27.13 Motor vehicle with no insurance/inadequate insurance

If the insolvent does not have cover or has cover that is insufficient (for example, third-party only cover), then the official receiver should effect their own insurance.

The official receiver should ensure that the value of the motor vehicle is sufficient to meet the insurance premium. Once the motor vehicle has been sold or otherwise disposed of the official receiver should cancel the policy in accordance with the guidance in chapter 25.

27.14 Road tax

With limited exceptions (primarily relating to vehicles used in connection with agriculture [Vehicle Excise and Registration Act 1994, section 5] road tax (properly called Vehicle Excise Duty) is payable on every vehicle registered in the UK and used on or kept on the public road [Vehicle Excise and Registration Act 1994 section 1]. The rate of tax varies depending on the type of vehicle and the level of emissions of that vehicle and is payable in advance for periods of 6 or 12 months. When a vehicle is sold, or otherwise disposed of, it is possible to reclaim any tax paid for the unexpired portion of the tax (see paragraph 27.50).

If the vehicle is not kept or used on the public road, the registered keeper is required to inform the DVLA of this fact by completing a Statutory Off Road Notification (SORN) (see following paragraph), following which the vehicle will not be subject to taxation.

The DVLA carry out an automatic check of all registered vehicles and if any vehicle is untaxed and not subject to a SORN, the DVLA will issue an automatic penalty. The official receiver should check that any vehicle owned by the insolvent is taxed or subject to a SORN.
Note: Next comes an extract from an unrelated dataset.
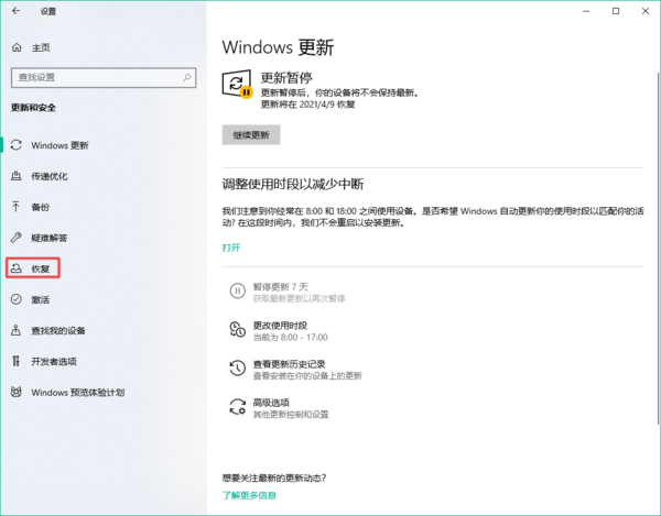 第三步,进入到电脑的【Windows更新】设置窗口当中后,我们在界面的左侧,找到【恢复】选项,并点击打开。

27.15 Statutory Off Road Notification (SORN)

Where a vehicle is being kept off the public road, it is not necessary to meet the requirements of the legislation as regards insurance [Road Traffic Act 1988, Part VI] and taxation. The registered keeper is required annually to declare officially that a vehicle is kept off-road, by completing a SORN.

27.16 Official receivers’ staff not to drive vehicles

In no circumstances should official receivers’ staff drive a motor vehicle belonging to an insolvent estate. If the vehicle needs to be moved – for example, to a place of safety – agents should be instructed as a matter of urgency, with the costs being a charge on the estate.

Commercial vehicles

27.17 Vehicles owned and operated commercially

The vast majority of vehicles encountered by the official receiver will be small passenger vehicles or light goods vehicles owned, and operated by a bankrupt. The advice in this chapter is equally applicable to vehicles owned and operated by a company or bankrupt on a commercial basis. The following paragraphs apply particularly to commercial vehicles.

27.18 Standard operator’s licences

Where the insolvent is the owner of a vehicle that exceed 3.5 tonnes (a heavy goods vehicle – HGV) or was a vehicle used to carry more than eight passengers (a public service vehicle – PSV), the insolvent will have been required to obtain a standard operators licence.

A licence is normally issued for a period of five years and gives details of each vehicle and trailer covered by it. Licences are issued by the Traffic Commissioner for Great Britain (Traffic commissioner).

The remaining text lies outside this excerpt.